PROBLEM >> Print the entries exactly; skip the pictures.

Stored items from a collection >>
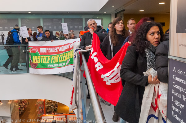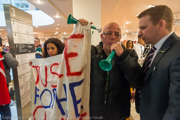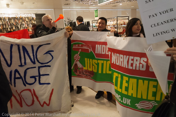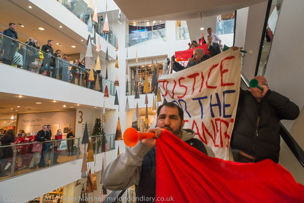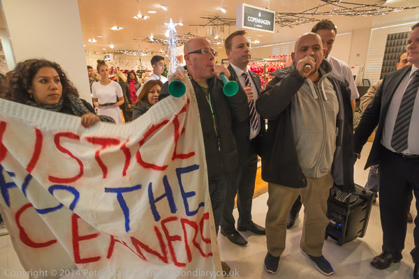 Cleaners Xmas Protest in John LewisJohn Lewis, Oxford St. Sat 13 Dec 2014 |
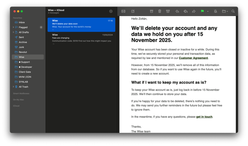 Kár is megnéznem. (Azért megszoktam nézni.) Mivel a Wise Folder-be csak is az innen kapott Email-ek helyeződnek át: noreply@wise.com Ahogy írtam filterezve vannak a hivatalos Email címek.
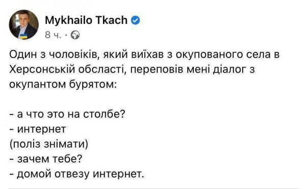 Друзья, российские оккупанты увозят с Украины к себе домой не только нутеллу, асфальт и унитазы, но и интернет. Прямо со столбов его снимают.
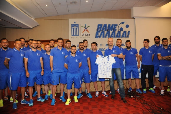 Στο πλαίσιο της παρουσίασης, ο κ. Petr Matejovsky, CMO της ΟΠΑΠ, ο Αναπληρωτής Πρόεδρος της ΕΠΟ, κ. Ιωάννης Παπακωνσταντίνου, ο προπονητής της Εθνικής Ομάδας, Φερνάντο Σάντος και ο Αρχηγός της Ομάδας, Γιώργος Καραγκούνης, απηύθυναν σύντομους χαιρετισμούς, ενώ η εκδήλωση έκλεισε σε πανηγυρικό κλίμα με την αίθουσα να σείεται από το τραγούδι του συνθήματος! Μέσα σε πανηγυρισμούς και χειροκροτήματα, η Ομάδα κατευθύνθηκε προς το Αεροδρόμιο συνοδευόμενη από τις ευχές όλων για καλή τύχη.
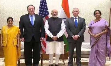 Pompeo and Mattis were accompanied by Sushma Swaraj and Sitharaman when they called on the Prime Minister.
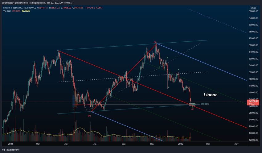 Формирование минимума в области $33 300 даст нам соотношение волн A:C как 1:1 (красный цвет). Это также совпадет с линией поддержки восходящего параллельного канала, который сдерживает цену с апреля.
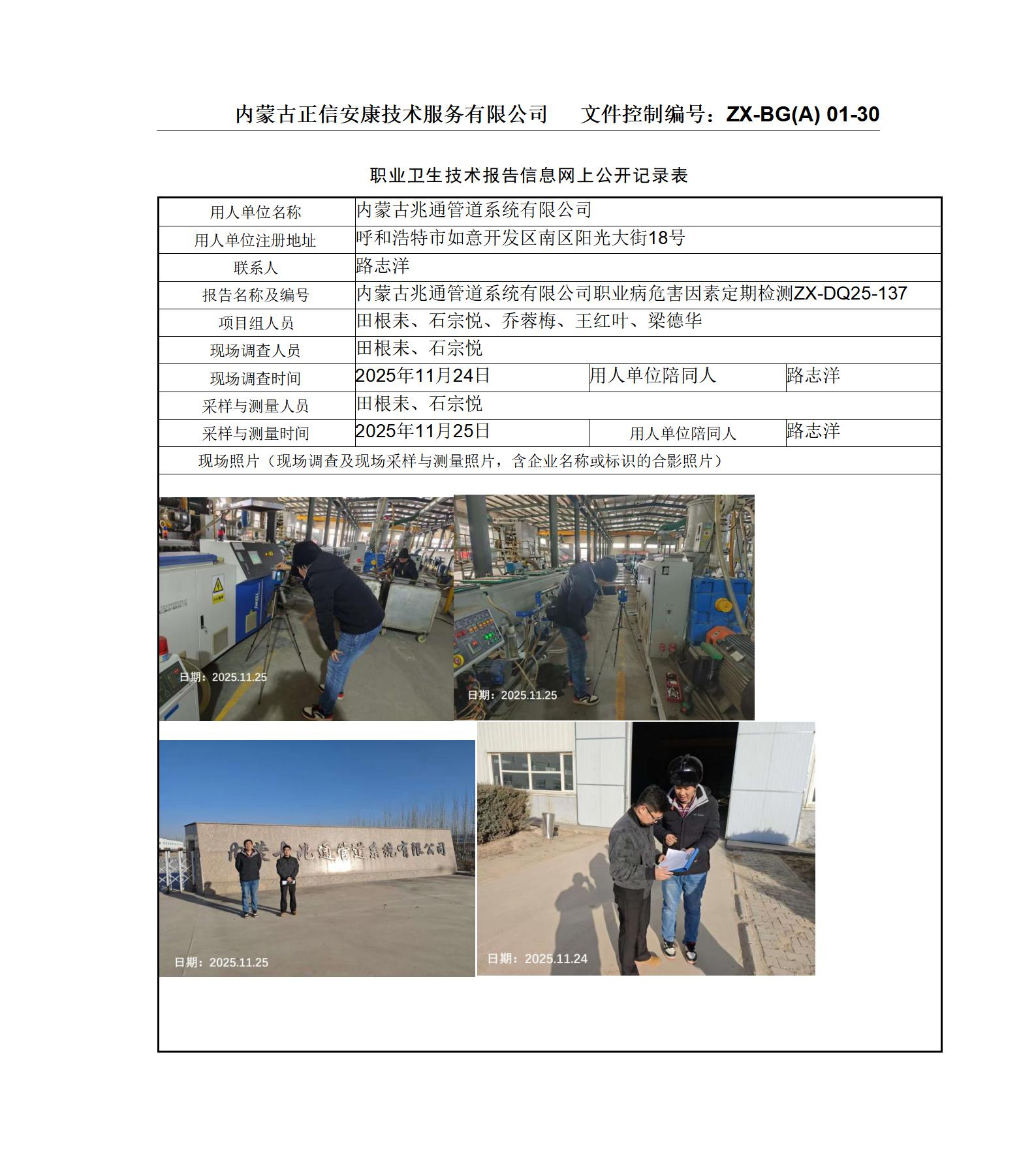 內(nèi)蒙古兆通管道系統(tǒng)有限公司職業(yè)病危害因素定期檢測

RESPONSE FOR THIS EXERCISE >>
 Cleaners Xmas Protest in John LewisJohn Lewis, Oxford St. Sat 13 Dec 2014 |
 Kár is megnéznem. (Azért megszoktam nézni.) Mivel a Wise Folder-be csak is az innen kapott Email-ek helyeződnek át: noreply@wise.com Ahogy írtam filterezve vannak a hivatalos Email címek.
 Друзья, российские оккупанты увозят с Украины к себе домой не только нутеллу, асфальт и унитазы, но и интернет. Прямо со столбов его снимают.
 Στο πλαίσιο της παρουσίασης, ο κ. Petr Matejovsky, CMO της ΟΠΑΠ, ο Αναπληρωτής Πρόεδρος της ΕΠΟ, κ. Ιωάννης Παπακωνσταντίνου, ο προπονητής της Εθνικής Ομάδας, Φερνάντο Σάντος και ο Αρχηγός της Ομάδας, Γιώργος Καραγκούνης, απηύθυναν σύντομους χαιρετισμούς, ενώ η εκδήλωση έκλεισε σε πανηγυρικό κλίμα με την αίθουσα να σείεται από το τραγούδι του συνθήματος! Μέσα σε πανηγυρισμούς και χειροκροτήματα, η Ομάδα κατευθύνθηκε προς το Αεροδρόμιο συνοδευόμενη από τις ευχές όλων για καλή τύχη.
 Pompeo and Mattis were accompanied by Sushma Swaraj and Sitharaman when they called on the Prime Minister.
 Формирование минимума в области $33 300 даст нам соотношение волн A:C как 1:1 (красный цвет). Это также совпадет с линией поддержки восходящего параллельного канала, который сдерживает цену с апреля.
 內(nèi)蒙古兆通管道系統(tǒng)有限公司職業(yè)病危害因素定期檢測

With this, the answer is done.